Le Peter de Jackman est conçu dans un tissu sentimental similaire à celui d’un personnage comme le Royal Tenenbaum de Gene Hackman. “On ne peut pas être une merde toute sa vie et essayer de réparer les dégâts ?” aurait pu être prononcée si Zeller était enclin à la comédie noire, mais un malaise claustrophobe né de la sincérité semble être son talent. Alors que cela a magnifiquement fonctionné pour The Father, il y a beaucoup plus de place pour permettre le développement de la fièvre critique dans The Son. Une expansion bienvenue de la pièce de théâtre ajoute une ambiguïté ludique pour Peter, qui est, par essence, le fils dont le bagage adolescent est le talon d’Achille qui l’empêche de faire ce qui est juste et de se retirer de l’équation. Le meilleur moment de cette scène additionnelle revient à Hopkins, dont le conseil à Peter est de se dépasser et de se réconcilier avec le passé. Peter se rend compte que, comme dans une tragédie grecque, il est devenu un personnage fatal qu’il s’était engagé à éviter. Le scénario de Zeller est, à la base, psychologiquement astucieux, naviguant dans les cycles et les aléas intergénérationnels, où des enfants rabaissés, obligés de s’occuper d’eux-mêmes, deviennent des parents trop indulgents envers leurs propres enfants, se jurant de leur donner toutes les chances qu’ils n’ont jamais eues. Nicholas est le produit typique de ce type d’environnement, avec des parents productifs, prospères et élitistes qui négligent les fonctions parentales les plus élémentaires (d’où leur incapacité apparente à suivre les progrès de leur fils dans deux écoles différentes). Jackman s’aventure sur un terrain émotionnel que certains pourraient trouver déchirant, et sa performance est parfaitement à la hauteur du sujet.

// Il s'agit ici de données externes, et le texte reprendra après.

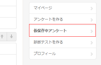 仮保存している診断テストの作成を再開するには、マイページサイドメニューにある「仮保存中診断テスト」をクリックします。

© THE SON FILMS LIMITED ET CHANNEL FOUR TELEVISION CORPORATION 2022

Les scènes de Jackman avec la Kate de Dern, dont le goût prononcé pour le passé et la flamme éternelle pour son ex-mari se cachent toujours derrière son expression, sont accomplies, assurées et troublantes, tandis que Kirby est habituellement agréable dans le rôle du seul adulte qui peut vraiment voir la douleur de Nicholas. Un moment de légèreté avec Peter, Beth et Nicholas dansant sur Tom Jones semble inconfortablement creux, et c’est une transition dans l’utilisation de Nicholas par le film. Malheureusement, Zeller est beaucoup moins habile dans la mise en scène de l’adolescent angoissé de Zen McGrath, son message s’échappant de façon monotone du jeune interprète. Un feu d’artifice d’émotions censé se dérouler entre ses parents et le médecin (Hugh Quarshie) qui insiste pour que Nicholas reste admis dans le service de psychiatrie échoue désastreusement, et cette séquence, comme d’autres centrées sur Nicholas, glisse vers une sortie spéciale sur la dépression et le suicide chez les adolescents. Derrière la caméra, Zeller travaille à nouveau avec le directeur de la photographie Ben Smithard, qui a moins d’espace pour innover sur le plan visuel que dans The Father, tandis que Hans Zimmer fournit une partition qui souligne le décalage entre les moments authentiques du film et ceux qui sont creux. Bien que les thèmes généraux soient universels, l’angle mort de Zeller est d’aborder la façon dont l’éducation privilégiée de Nicholas a également été la clé de sa chute. Alors que l’empathie que suscitent ce personnage et cette situation est inhérente, la version cinématographique de The Son a tendance à être affectée, nous éloignant du personnage qui, en tant que dommage collatéral de l’égoïsme de ses parents, devrait laisser une empreinte indélébile au lieu d’apparaître comme une conclusion logique.

The Son de Florian Zeller, 2h03, avec Hugh Jackman, Laura Dern, Vanessa Kirby – Au cinéma le 1 mars 2023.